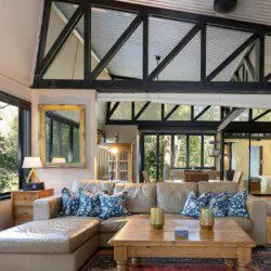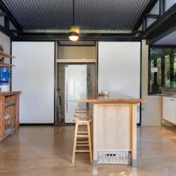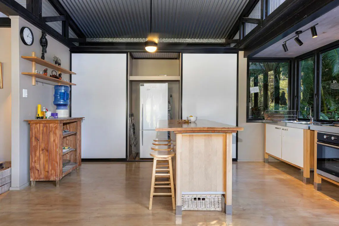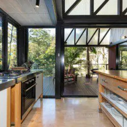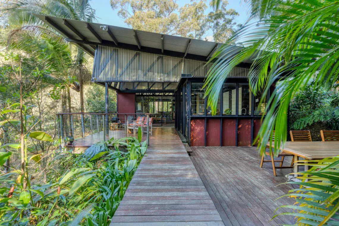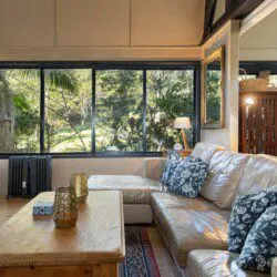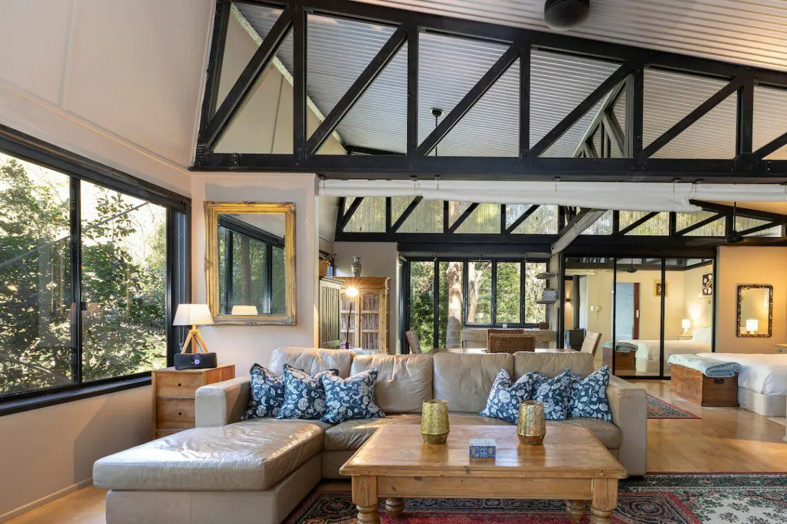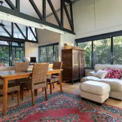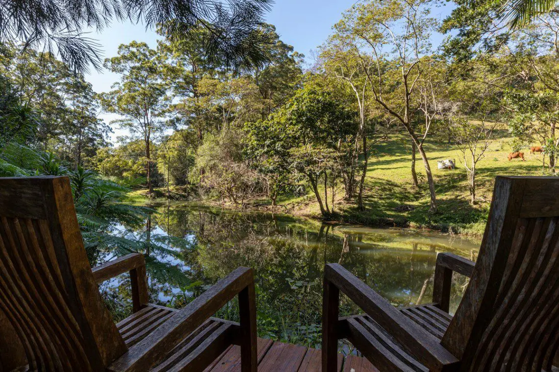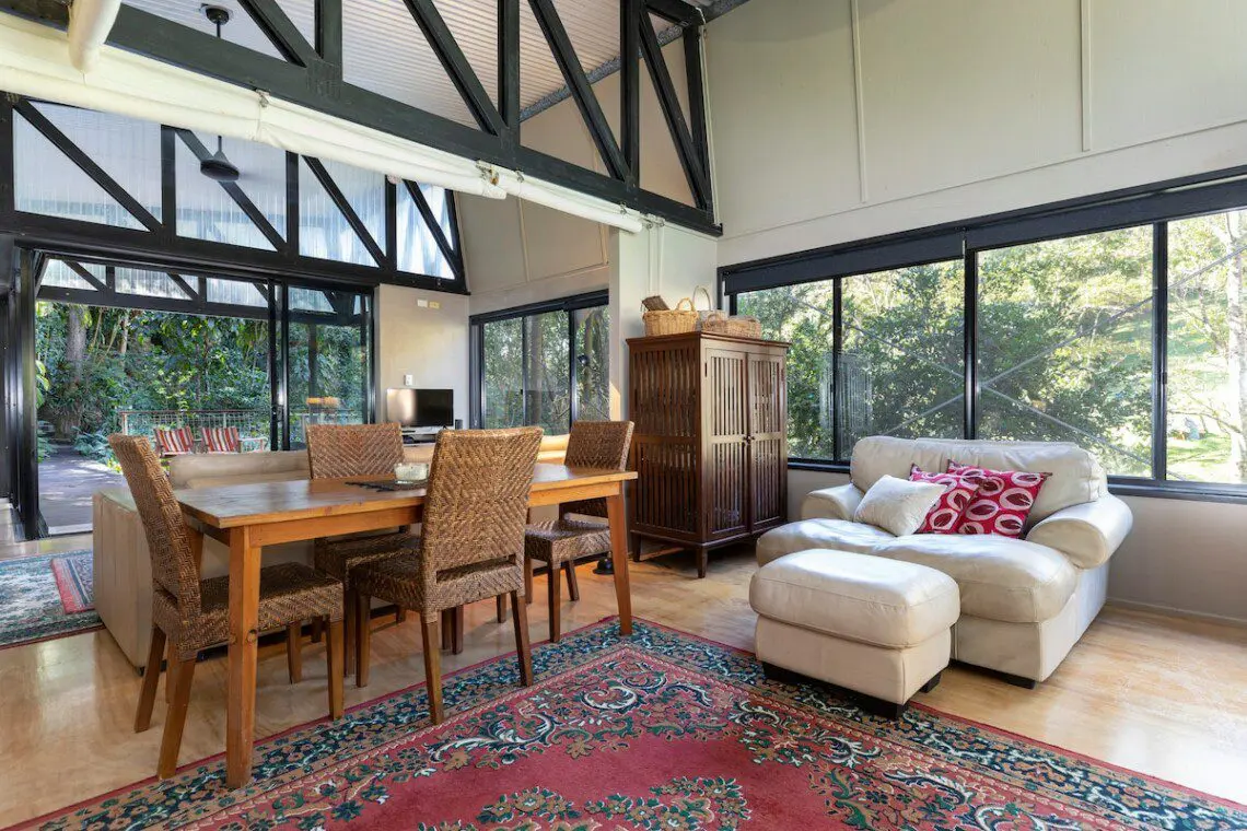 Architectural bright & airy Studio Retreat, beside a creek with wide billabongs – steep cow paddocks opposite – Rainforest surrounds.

==

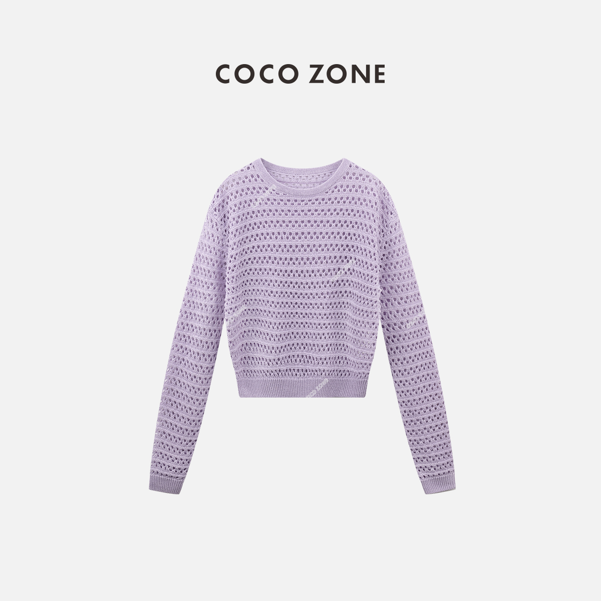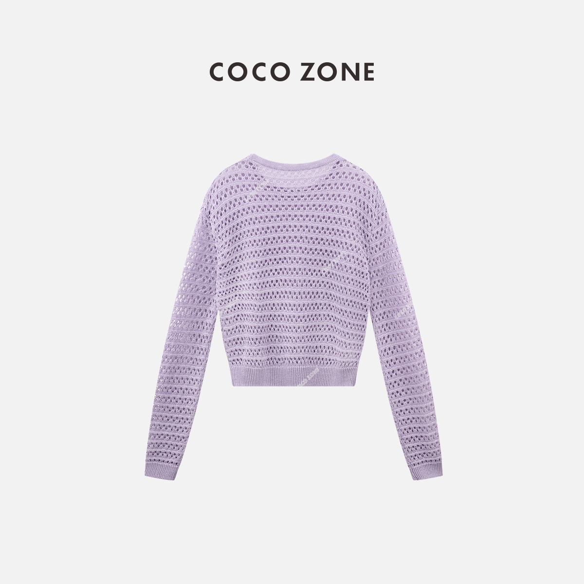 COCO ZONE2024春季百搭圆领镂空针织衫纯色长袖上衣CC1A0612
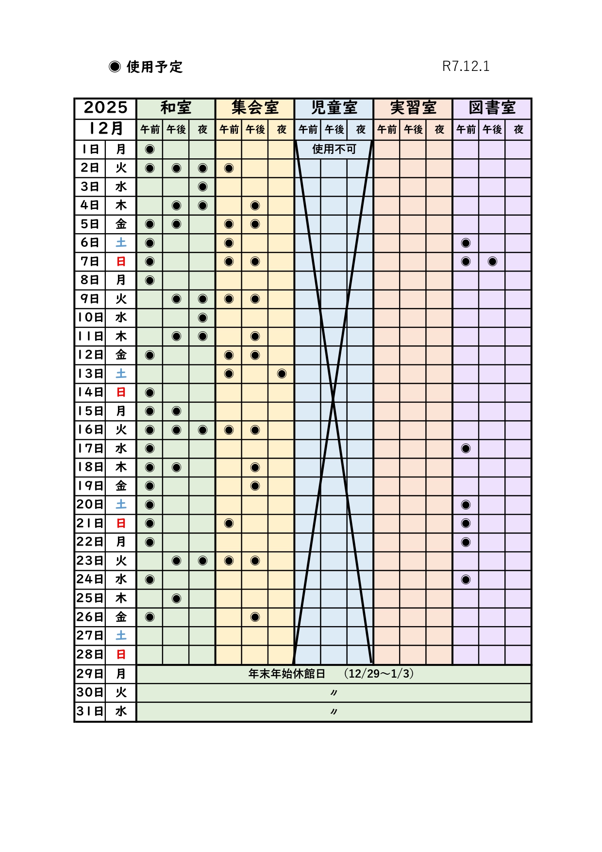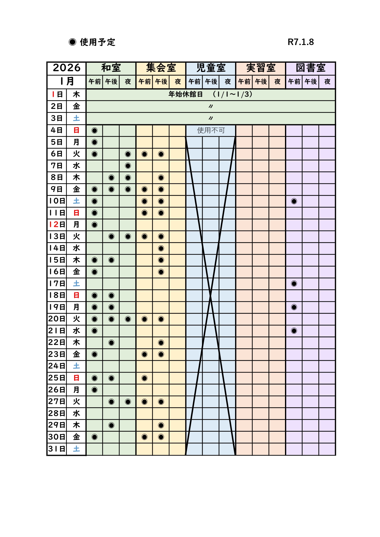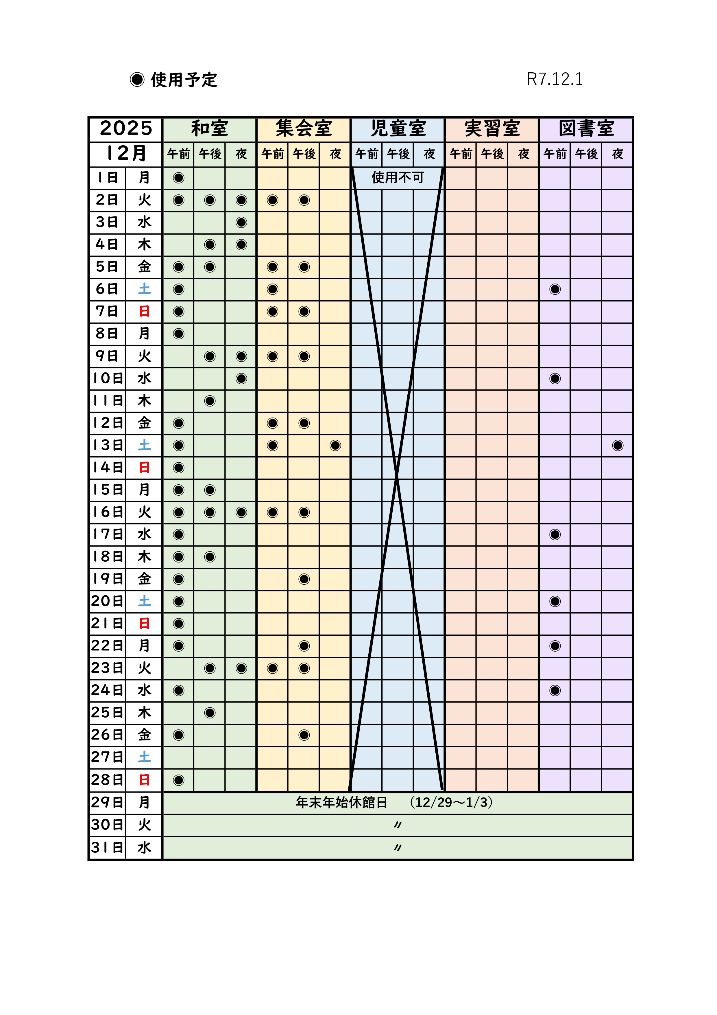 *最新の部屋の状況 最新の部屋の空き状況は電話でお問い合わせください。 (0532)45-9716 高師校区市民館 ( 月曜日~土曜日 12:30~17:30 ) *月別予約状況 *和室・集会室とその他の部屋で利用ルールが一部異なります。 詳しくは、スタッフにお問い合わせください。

==

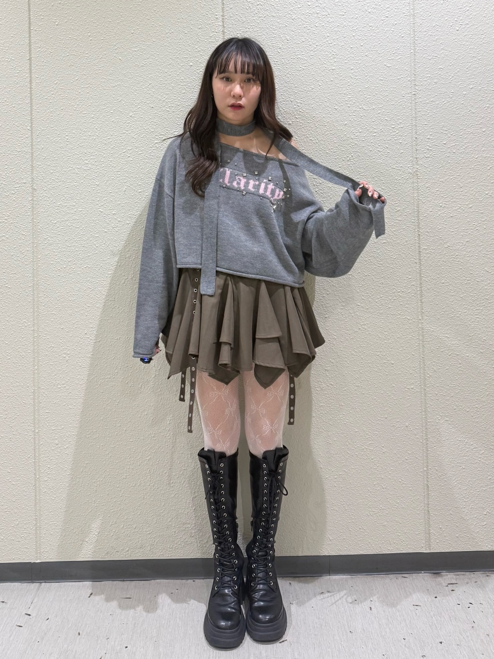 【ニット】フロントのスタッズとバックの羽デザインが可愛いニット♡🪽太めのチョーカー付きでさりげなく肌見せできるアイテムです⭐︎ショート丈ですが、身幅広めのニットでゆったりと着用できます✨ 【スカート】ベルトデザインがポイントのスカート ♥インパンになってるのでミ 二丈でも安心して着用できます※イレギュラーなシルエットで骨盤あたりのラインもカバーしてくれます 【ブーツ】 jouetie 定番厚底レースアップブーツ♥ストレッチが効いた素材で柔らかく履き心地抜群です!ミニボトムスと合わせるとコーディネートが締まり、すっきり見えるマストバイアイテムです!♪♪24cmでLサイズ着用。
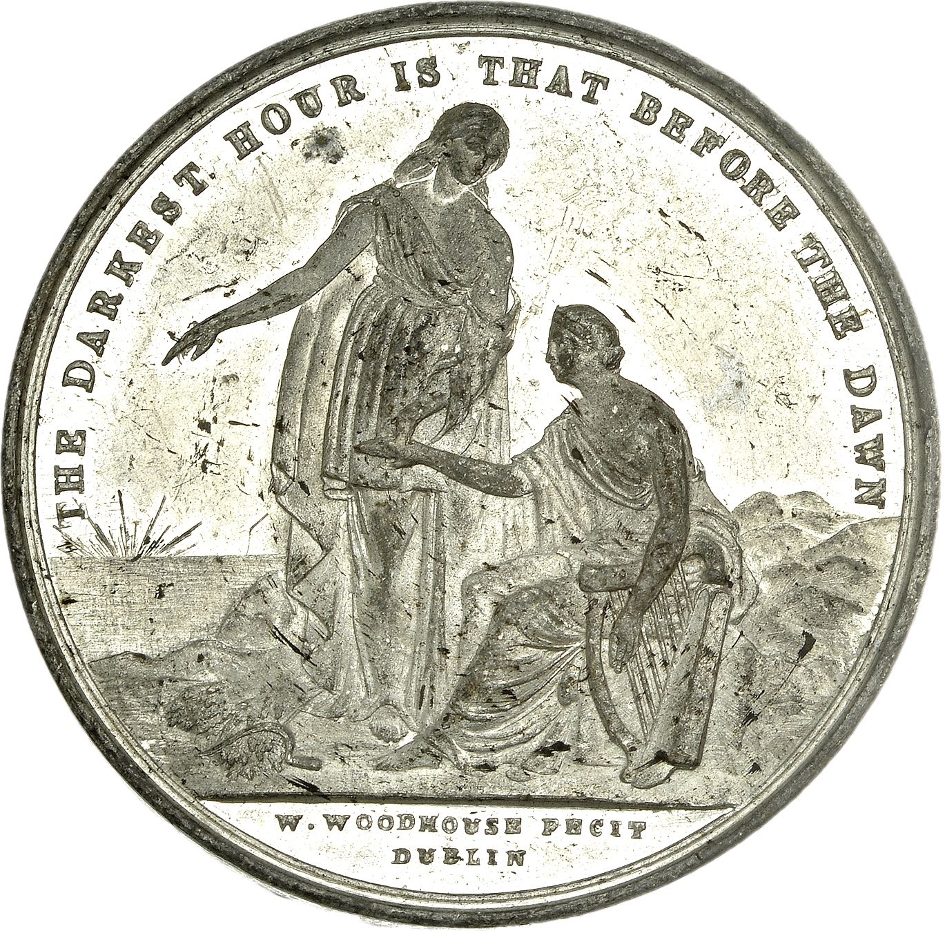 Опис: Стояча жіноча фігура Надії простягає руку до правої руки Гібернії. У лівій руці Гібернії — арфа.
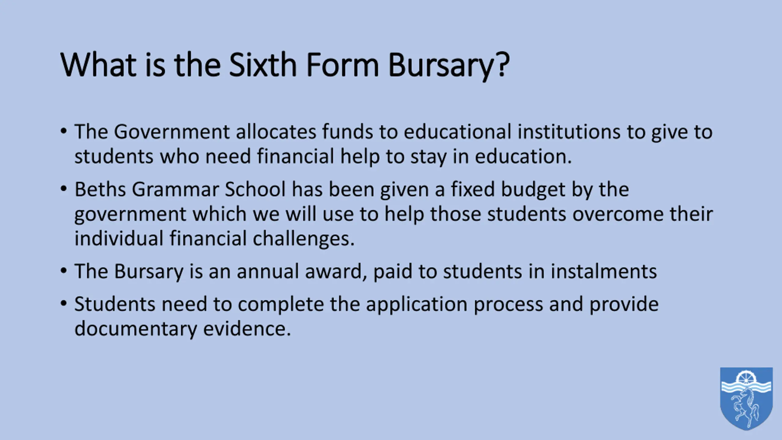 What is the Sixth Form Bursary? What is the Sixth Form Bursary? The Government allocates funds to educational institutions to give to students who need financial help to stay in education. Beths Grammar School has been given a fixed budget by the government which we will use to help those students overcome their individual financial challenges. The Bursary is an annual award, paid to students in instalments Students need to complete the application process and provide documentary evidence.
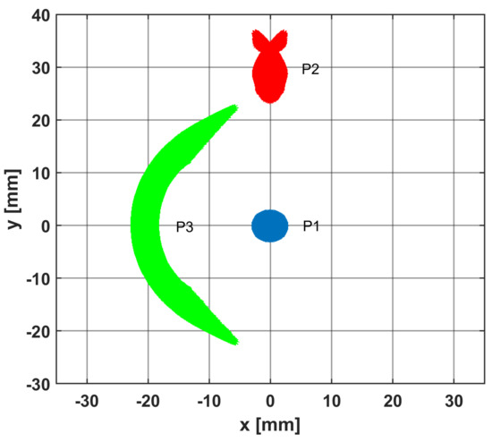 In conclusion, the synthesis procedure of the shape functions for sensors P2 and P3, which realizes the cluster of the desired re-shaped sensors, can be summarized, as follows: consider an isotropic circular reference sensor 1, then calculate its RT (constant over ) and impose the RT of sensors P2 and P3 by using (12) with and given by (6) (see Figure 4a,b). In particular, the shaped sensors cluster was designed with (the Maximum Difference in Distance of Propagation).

- **PROBLEM**:
What to print is the stretch of entries from the line with "COCO ZONE2024春季百搭圆领镂空针织衫纯色长袖上衣CC1A0612" up to and including the line with "最新の部屋の空き状況は電話でお問い合わせください。 (0532)45-9716 高師校区市民館". Please print it exactly and leave out the pictures.

- **WRITTEN RESPONSE**:
 COCO ZONE2024春季百搭圆领镂空针织衫纯色长袖上衣CC1A0612
 *最新の部屋の状況 最新の部屋の空き状況は電話でお問い合わせください。 (0532)45-9716 高師校区市民館 ( 月曜日~土曜日 12:30~17:30 ) *月別予約状況 *和室・集会室とその他の部屋で利用ルールが一部異なります。 詳しくは、スタッフにお問い合わせください。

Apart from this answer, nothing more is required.